Ich greife den thread einmal auf, da das topic sehr gut passt.

Mal aus der ERM-SIcht:
Wie implementiert man mit hibernate Attribute, die nur einer Beziehungstabelle oder meinetwegen auch "Zwischentabelle" genannt zugeordnet werden können?

Als Beispiel:
Es gibt Tickets und es gibt Kategorien. Beide könne für sich alleine exisitieren.
Ein Ticket kann 0 oder vielen Kategorien zugeordnet sein.
Eine Kategorie kann 0 oder vielen Tickets zugeordnet sein.

Klassische n:m Beziehung und per hibernate durch many-to-many-sets prima als or-mapping modellierbar.
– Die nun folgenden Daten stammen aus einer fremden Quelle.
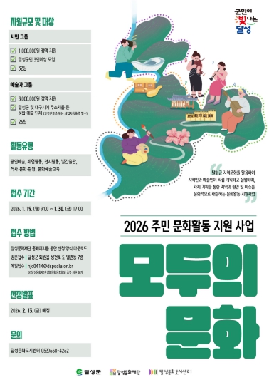 [메이저뉴스](재)달성문화재단 달성문화도시센터는 오는 30일까지 지역 주민과 예술가들의 문화활동 지원 사업 ‘모두의 문화’에 참여할 단체를 모집한다고 12일 밝혔다.

Was ist jetzt aber, wenn auch noch das Erstellungsdatum solch einer Partnerschaft zwischen Ticket und Kategorie festgehalten werden soll? Kann man ja dem Ticket genauso wenig zuordnen wie der Kategorie. Muss also in die Zwischentabelle. Bloß, wie schreiben sich diesbezüglich die hbm.xml-files und wie sehen die Pojos dazu aus?


----------



## Guest (20. Dez 2007)

berny76 hat gesagt.:
			
		

> Was ist jetzt aber, wenn auch noch das Erstellungsdatum solch einer Partnerschaft zwischen Ticket und Kategorie festgehalten werden soll? Kann man ja dem Ticket genauso wenig zuordnen wie der Kategorie. Muss also in die Zwischentabelle. Bloß, wie schreiben sich diesbezüglich die hbm.xml-files und wie sehen die Pojos dazu aus?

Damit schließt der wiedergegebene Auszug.